Personally I have to give it up to Band of Brothers which is one of the key scores to throttle me towards composing. Some of his action writing got some (fair) criticism which I think was more representative of trying not to go with the status quo.

Any opinions? Love him, hate him?


----------



## Robo Rivard (Jan 16, 2019)

I heard he orchestrated the choir and cello for the song "Suite Sister Mary" for Queensrÿche! The best song of all time!


----------



## CT (Jan 16, 2019)

TimCox said:


> Any opinions? Love him, hate him?



Definitely love!


----------



## Jdiggity1 (Jan 16, 2019)

you can't _not _love Kamen. The man, or his music.
Was driving to work to the Prince Of Thieves soundtrack just 2 days ago.


----------



## DMDComposer (Jan 16, 2019)

Xmen and Lethal weapon, I like those scores alot.


----------



## CT (Jan 16, 2019)

There's a lot of great scores, concert pieces, collaborations with bands etc., but this is one of my favorites....

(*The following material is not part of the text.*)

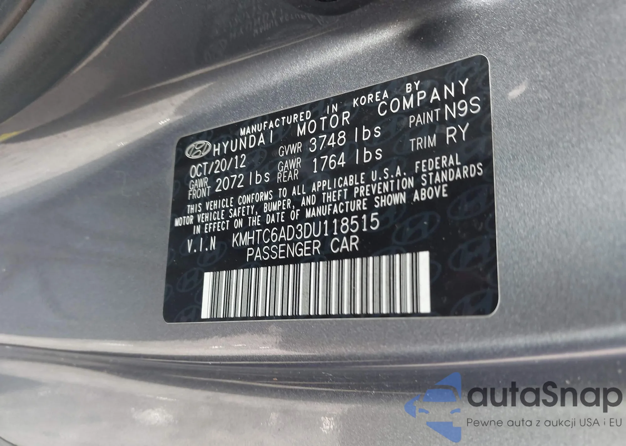 VIN: KMHTC6AD3DU118515
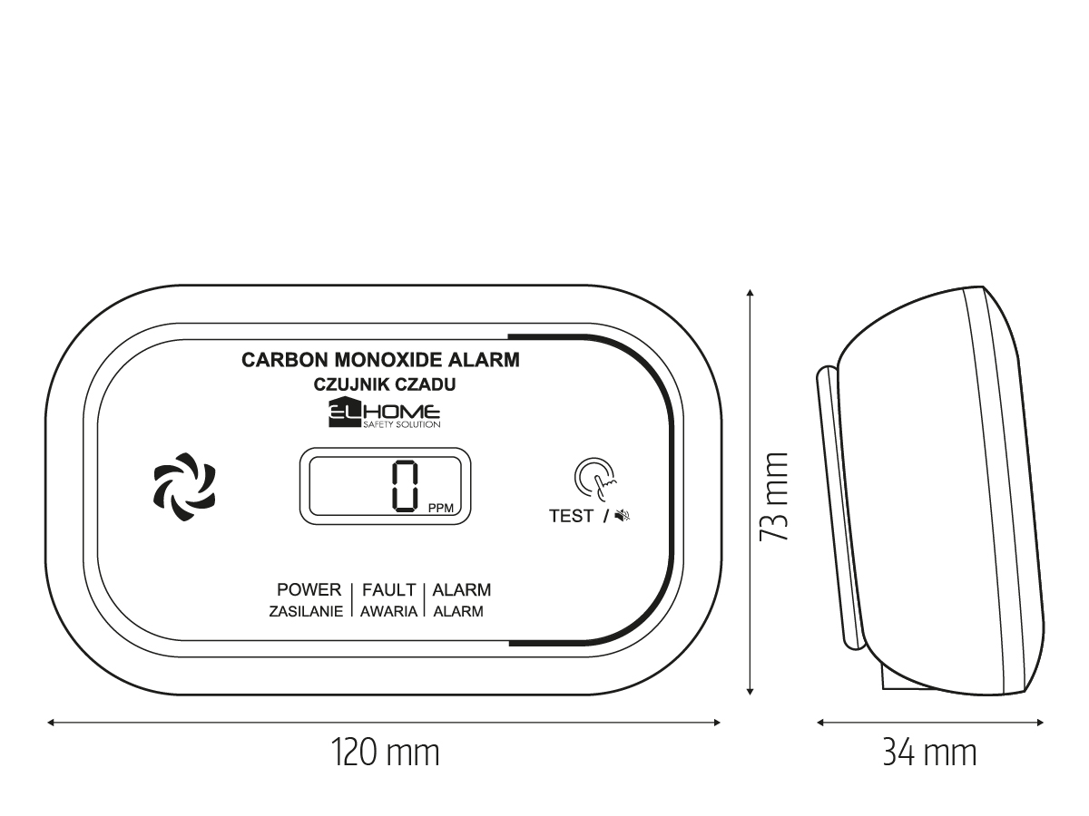 Датчик EL HOME CD-17A2v2300/B живиться від батарейок (2x LR6 – батарейки в комплекті), що забезпечує незалежність від електромережі та легкість монтажу. Обладнаний чітким рідкокристалічним дисплеєм (LCD), який показує поточну концентрацію монооксиду вуглецю. Додатково сигналізує про необхідність заміни батарейок та зношеність сенсора. Акустичний та оптичний сигнал тривоги ефективно інформує про перевищення безпечного рівня CO. Завдяки компактним розмірам, датчик легко адаптувати до будь-якого інтер'єру.

I find the diversity of his life in music really inspiring. He did so many things so well.


----------



## Matt Riley (Jan 16, 2019)

For me it’s Prince of Thieves if we are talking films but his collaboration with Metallica was amazing.


----------



## hawpri (Jan 16, 2019)

DMDComposer said:


> Xmen and Lethal weapon, I like those scores alot.


I remember being disappointed he hadn't scored X2.. only to be more disappointed he'd died. Had no idea. I really liked his scores for X-Men and Band of Brothers.


----------



## Mars (Jan 17, 2019)

I LOVE Michael Kamen, his concert works are also really enjoyable. 



 (reorchestration of a Band of Brother's track I believe)


----------



## TimCox (Jan 17, 2019)

How could I forget to mention his work as orchestrator and conductor for Pink Floyd on The Wall! What a career


----------



## Dracutus (Jan 17, 2019)

I think this works  Glorious


----------



## rottoy (Jan 17, 2019)

My favourite Kamen score will forever be his second collaboration with Terry Gilliam:


----------



## Ashermusic (Jan 17, 2019)

I love his work, appeals to all of my pop rock sensibilities.


----------



## Quanah (Jan 17, 2019)




----------



## Paul Owen (Jan 17, 2019)




----------



## Quanah (Jan 17, 2019)

...and the most well known from Queensryche & Michael.


----------



## Celestial Aeon (Jan 17, 2019)

Band of Brothers all the way for me as well. Especially the main theme and the tune Austria. So beautiful and simple at the same time.


----------



## benuzzell (Jan 17, 2019)

Absolutely love his score for The Iron Giant. What stands out is the 'classical' quality of it, in contrast to 1999's other big animated films, Toy Story 2 and Tarzan, which leant a lot more on popular music-style tracks amidst underscore. This might be because Kamen didn't record it to picture and conducted it more like a symphony recording, or because he was harking back to a bygone era of film music, but either way I absolutely love it. Iron Giant and Band of Brothers are the two Kamen scores I probably come back to most.


----------



## wst3 (Jan 17, 2019)

my intro to Mr. Kamen, and one of the things that reignited my interest in film music was "Edge of Darkness", a collaboration with Eric Clapton (or so the story goes?)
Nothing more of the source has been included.